There is still an open question, though, of whether corporations and labor unions, representing their shareholders and members respectively, should have the same right to speak anonymously as a private citizen. Citizens United came with a caveat from Justice Kennedy on the importance of disclosure, but that would be contrary to the way we treat individual citizens who speak to influence politics. Is there a justification in this line of case law that would deny anonymity to large organizations while granting it to individuals? On top of that, are we sure we want anonymity for individuals when the concern for the lonely pamphleteer certainly does not apply to the Koch brothers and other super wealthy individuals? Where should the line be drawn?
A couple preliminary points, just off the top of my head.
One can draw a distinction between the pamphleteer and the signatory to a petition. While the former is only exercising First Amendment speech rights, the latter is exercising First Amendment speech rights and occupying a quasi-legislative function–casting a vote for a referendum. Intuitively that line seems fairly strong. While calling your representative to ask that she propose legislation may not have any discrete impact on the legislative process, signing your name in support of a ballot initiative does. Signing your name, in short, feels like voting. Drawing that line, however, begs another question.
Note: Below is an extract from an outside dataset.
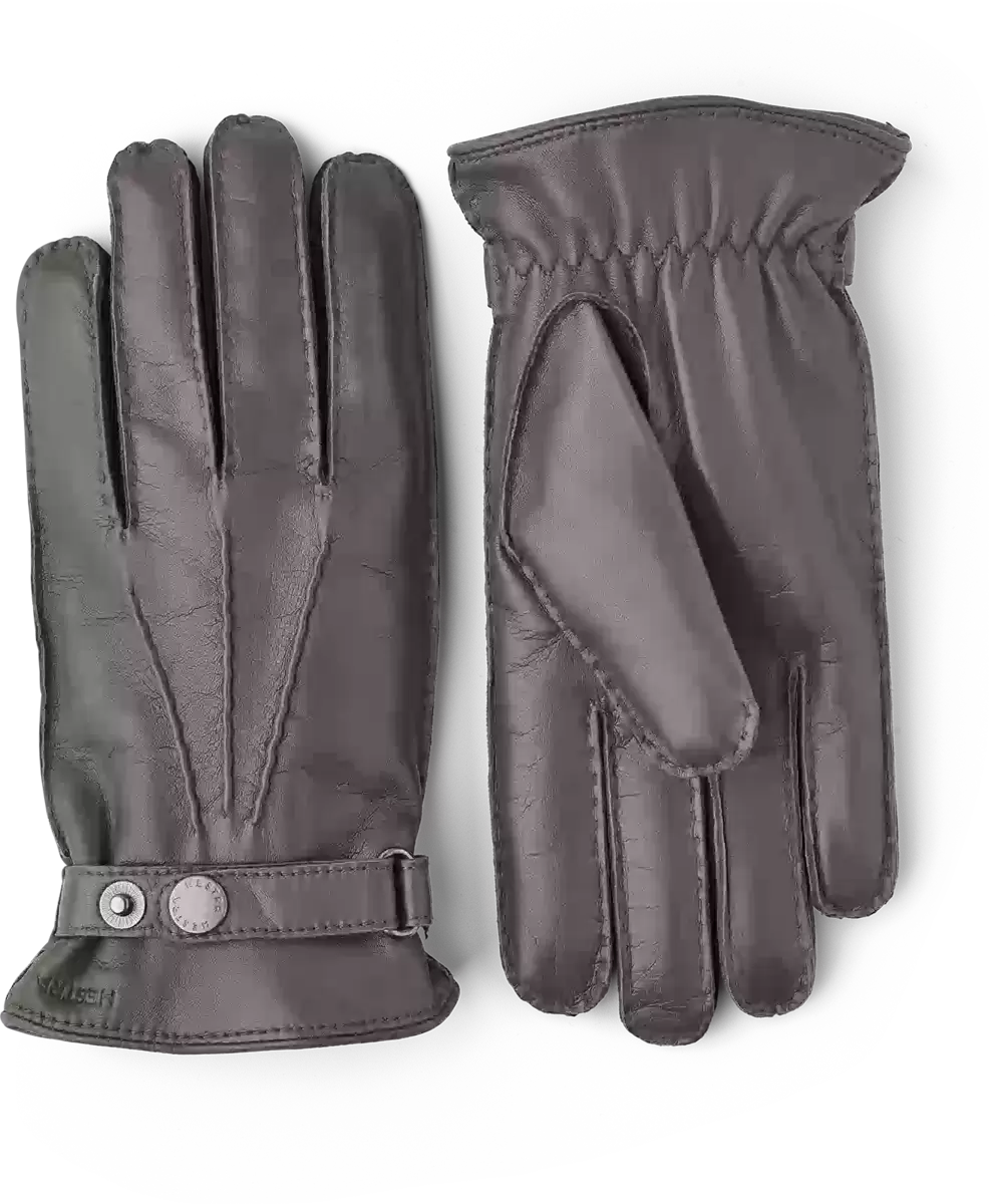 Godt håndværk og omhyggeligt udvalgte naturmaterialer giver denne attraktive herrehandske stil. Jake-handsken er håndsyet i blødt og smidigt lamme-nappa fra italienske kvalitetsgarverier og har et strikket uldfor for behagelig varme på kølige efterårs- og vinterdage. Pasformen sidder tæt mod hånden med udadvendte sømme og en læderrem med trykknap ved håndleddet. Dekorative syninger på bagsiden af hånden giver plads til bevægelse og et strejf af klassisk stil. Denne handske tilføjer det sidste touch til et elegant hverdagslook og er lige så hjemmevant i mere afslappede sammenhænge.

Why is “voting” to get an initiative on the ballot, different than voting by secret ballot in an election. That presents difficult questions, ones often answered by distinguishing the referendum process from other electoral processes.
As to the point about corporations and people: Whenever any entity–natural or artificial contributes to a political campaign or artificial–contributes to a campaign or airs an ad, their information is disclosed. In that respect the requirements are the same. Whenever either entity gives to a 401(c)(4), they remain anonymous, though the 501(c)(4) may make contributions or run ads. Are you referencing a different type of speech?
On anonymous speech broadly, many point to the Federalist Papers and also to a case called McIntrye. That said, I haven’t seen overwhelming evidence supporting a right to anonymous speech. That I haven’t seen it by absolutely no means suggests it doesn’t exist. But the McIntyre Court recognized that where government has a compelling interest that satisfies strict scrutiny, it can compel disclosure over anonymous speech objections. The Court has consistently upheld disclosure regimes under that logic, and the Doe language further entrenches that.